The state has already used your money to fund the healtcare of the illegals that have overdosed on other drugs. thank you


----------



## Guest (Aug 14, 2009)

jettsixx said:


> The state has already used your money to fund the healtcare of the illegals that have overdosed on other drugs. thank you


No, they used the PCIP money for that....Spicoli will get his money back.


----------



## Boston Irish Lass (Feb 13, 2009)

He doesn't get it back. I have it on good information that it is used for the organization and transportation issues regarding the M&G union attendees.


----------



## jedediah1 (Jun 18, 2009)

"does one have to forfeit money that was on their personal being"

if i had money on my "personal being" i would be a moron like you

now if you had money on your person, i would donate it to the town who had to waste time dealing with you.

if you weren't selling, it would have been a NG not CWOF, so lose your ill gotten gains like a man DNasty, if that is your real name....


----------



## dnasty43059 (Aug 14, 2009)

jedediah1,

Your the MORON......... I guess you must consider yourself smarter than everyone else. I was brought up with the understanding that no question is ever a stupid one if you do not know the correct answer. But in your case you must not have to ask any questions because maybe you were born with unlimited wisdom and knowledge.

dnasty


----------



## 263FPD (Oct 29, 2004)

dnasty43059 said:


> I was wondering if anyone would know when arrested for Intent to Distribute Marijuana and after going to court and recieving a CWOF, does one have to forfeit money that was on their personal being to the State of Massachusetts?


Of course you can get your money back. Your weed too. You moron!!!! Go smoke another tree.


----------



## 263FPD (Oct 29, 2004)

dnasty43059 said:


> jedediah1,
> 
> Your the MORON......... I guess you must consider yourself smarter than everyone else. I was brought up with the understanding that no question is ever a stupid one if you do not know the correct answer. But in your case you must not have to ask any questions because maybe you were born with unlimited wisdom and knowledge.
> 
> dnasty


Assmonkey! Go back to dealing weed.


----------



## SinePari (Aug 15, 2004)

Your attorney should help you get it back...less the 1/3 that goes in his pocket, of course. If you don't have an attorney, then that money goes to the Centerfold's VIP room...


----------



## dnasty43059 (Aug 14, 2009)

And yet another Dawn Strikes Marble Head response. Just curious as to if all you smart and wrdly people acyually know what a CWOF is? If not, let me explain. CWOF is the abbreviation for Continuance With Out a Finding. Now, if all you smart individuals look the term up, it explicitly states that the CWOF does not mean a person is admitting to a guilty plea or an innocent plea. So yes, I think my question is a legitimate one.

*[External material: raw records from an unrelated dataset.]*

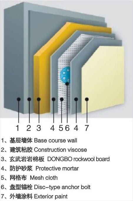 岩棉板外保温抹面系统主要由粘结层、岩棉板保温层、抹贴面层、锚固件、饰面层及配件等构成,基本构造见下图。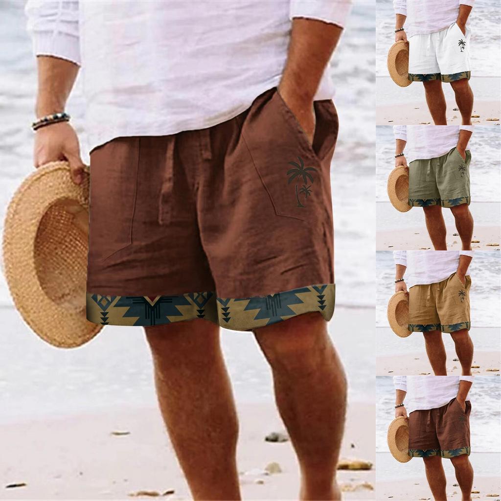 Мужские хлопковые и льняные однотонные спортивные штаны со шнуровкой, мужские шорты, повседневные брюки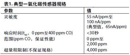 此电路笔记选择的传感器是Alphasense CO-AX一氧化碳传感器。表1显示与此常见类型的一氧化碳传感器相关的典型规格。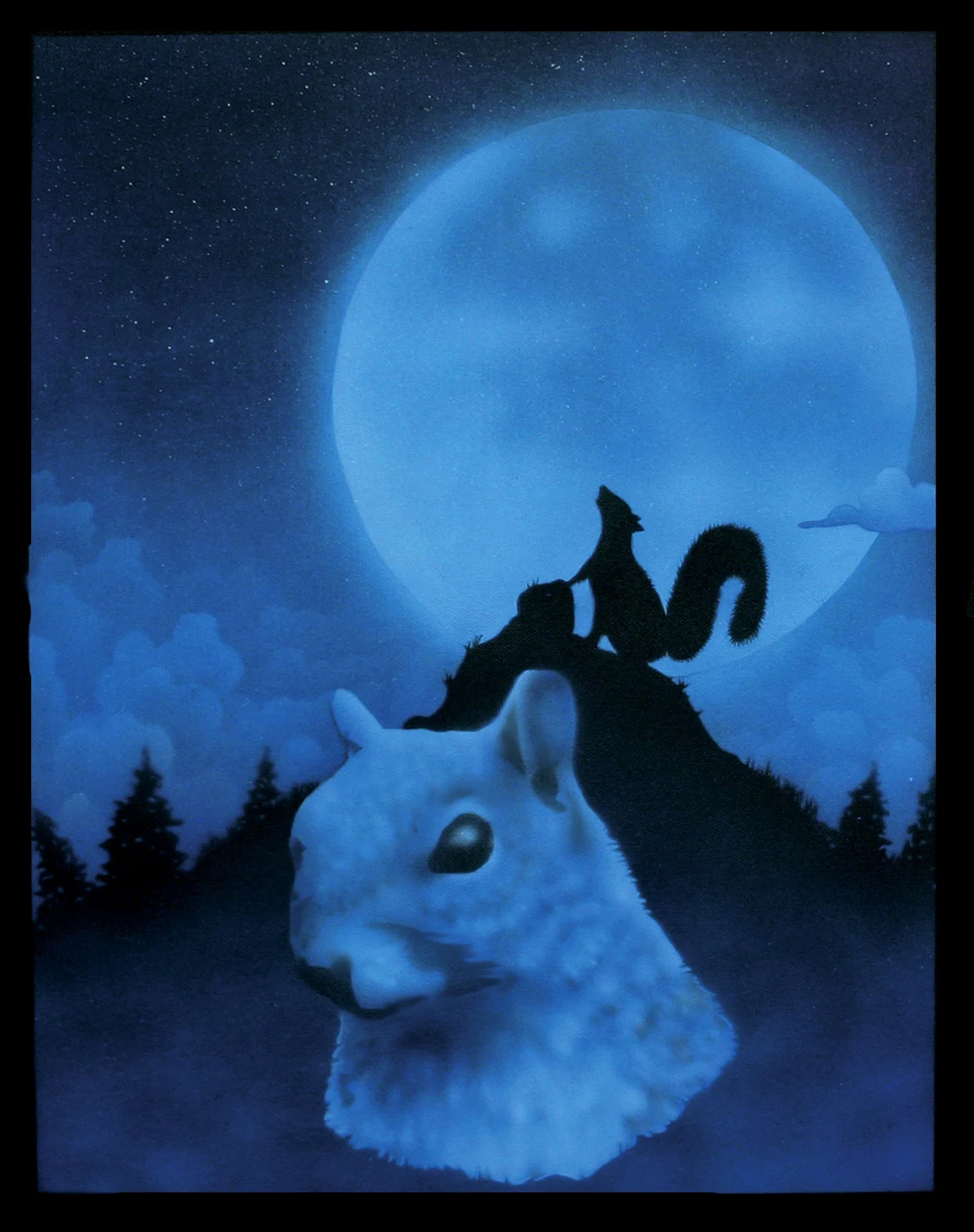 "Squirrel Moon" - A hand-painted, airbrushed canvas depicting a squirrel bust rising from the clouds, while another squirrel in the background is perched on top of a hill, howling at the full moon. - painted by Tim Scott. Was used as an ACL Music Festival T-shirt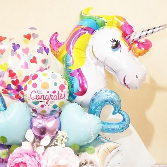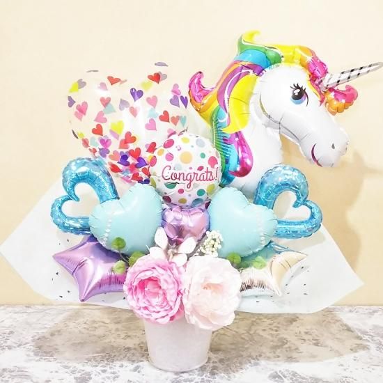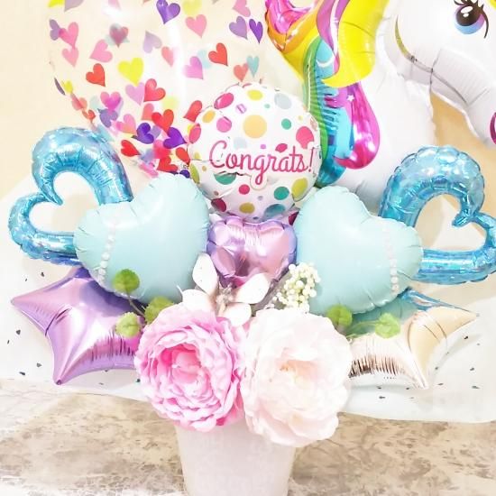 ユニコーン&透明ハート柄のバルーンが可愛い置き型アレンジ♫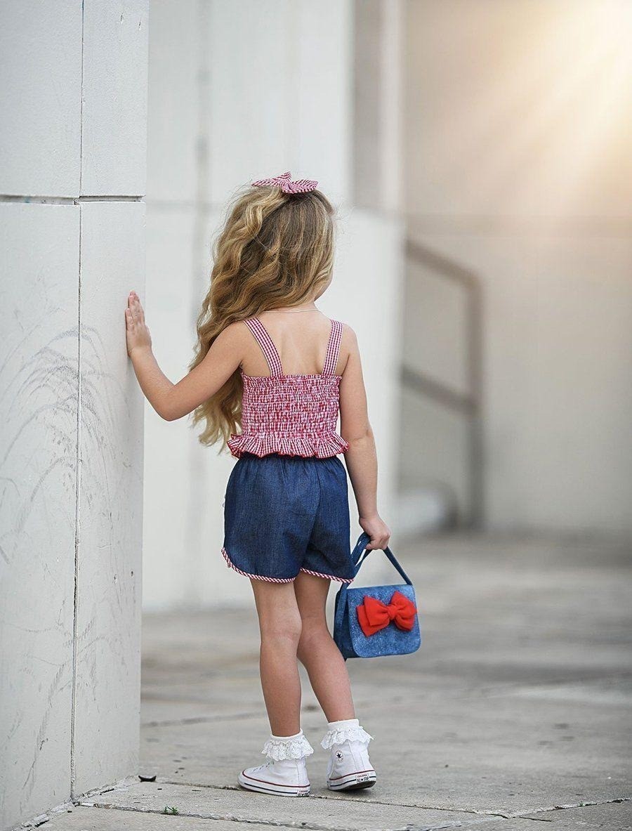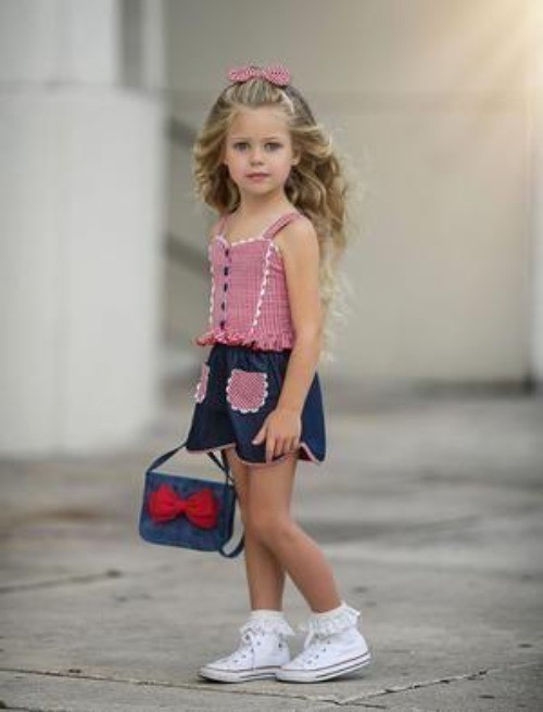 This charming Dollcake outfit features a red gingham top and shorts with a matching hair bow, perfect for playful outdoor adventures. Ideal for picnics and sunny days, this set offers both style and comfort for your little one.

If any of you individuals were in this situation and recieved a CWOF, should I be the one to assume you were or are guilty of the crime?

And as far as asking a question if one does not know the answer, I feel the only stupid question is one that is not asked. Lets face it, only the stupid people of the world really think they know all the answers to all the questions.


----------



## LGriffin (Apr 2, 2009)

dnasty43059 said:


> If any of you individuals were in this situation and recieved a CWOF, should I be the one to assume you were or are guilty of the crime?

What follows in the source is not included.